There is a wide variety of animal and bird life seen at Samburu National Reserve. Several large game species common to Kenya's northern plains can be found in abundance here, including the following dry-country fauna: gerenuk, Grevy's zebra, oryx and reticulated giraffe. All three big cats, the lion, cheetah and African leopard, as well as elephant, Cape buffalo and hippopotamus.

Other mammals frequently seen in the park include olive baboon, warthogs, Grant's gazelle, Kirk's dik-dik, impala, and waterbuck. A black rhinoceros population has been re-introduced into the park after an absence of 25 years after heavy poaching.

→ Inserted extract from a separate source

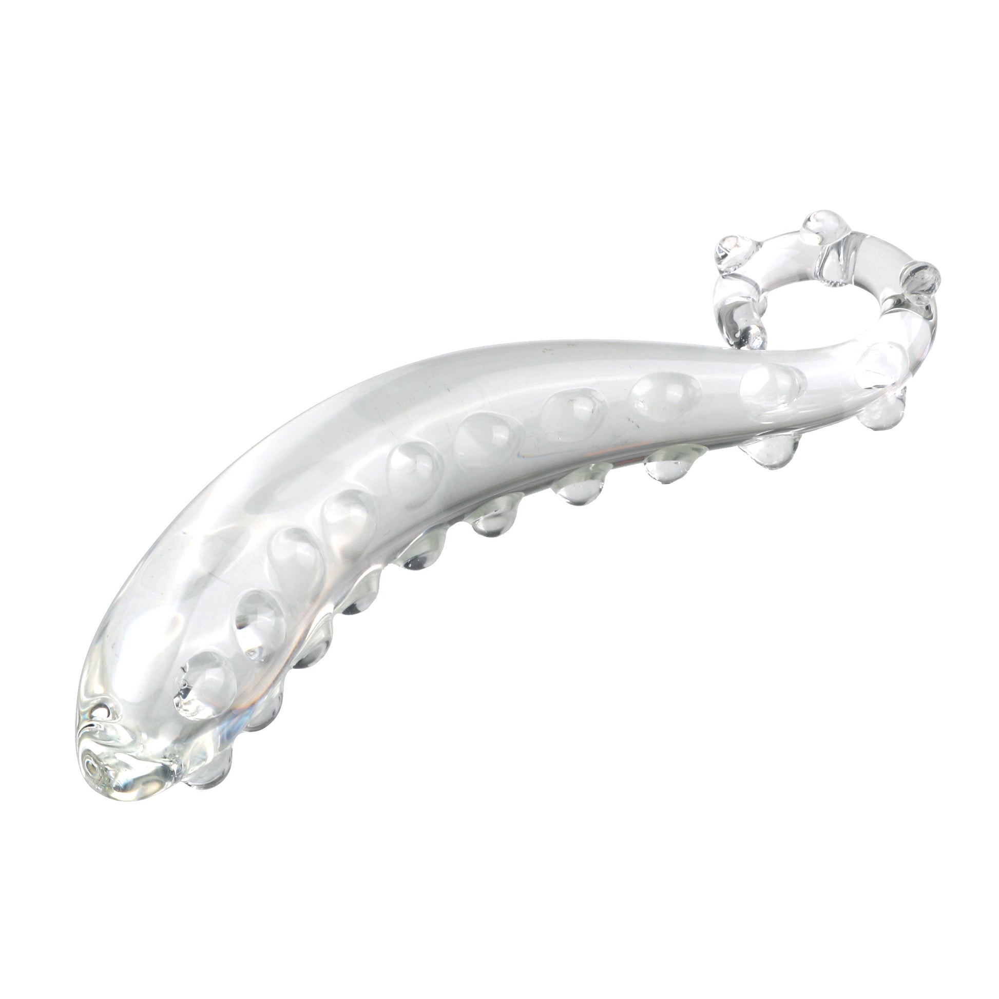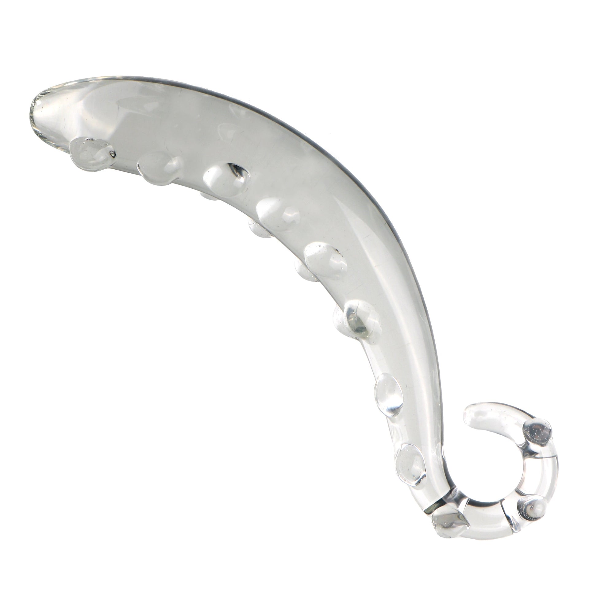 Unleash your fantasies with this beautifully crafted clear tentacle glass dildo. Designed with a unique tentacle-inspired shape, it features raised bumps along the smooth glass surface that deliver enhanced friction and deep stimulation with every thrust. The curved shaft is perfectly shaped to target your G-spot or P-spot, while the curled tail at the end offers extra control and teasing sensations. The detailed texture and striking design make it both visually captivating and physically satisfying.

There are over 350 species of bird. These include grey-headed kingfisher, sunbirds, bee-eaters, Marabou stork, tawny eagle, Verreaux's eagle, bateleur, vulturine guineafowl, yellow-necked spurfowl, lilac-breasted roller, secretary bird, superb starling, northern red-billed hornbill, yellow-billed hornbill, and various vultures including the palm-nut vulture.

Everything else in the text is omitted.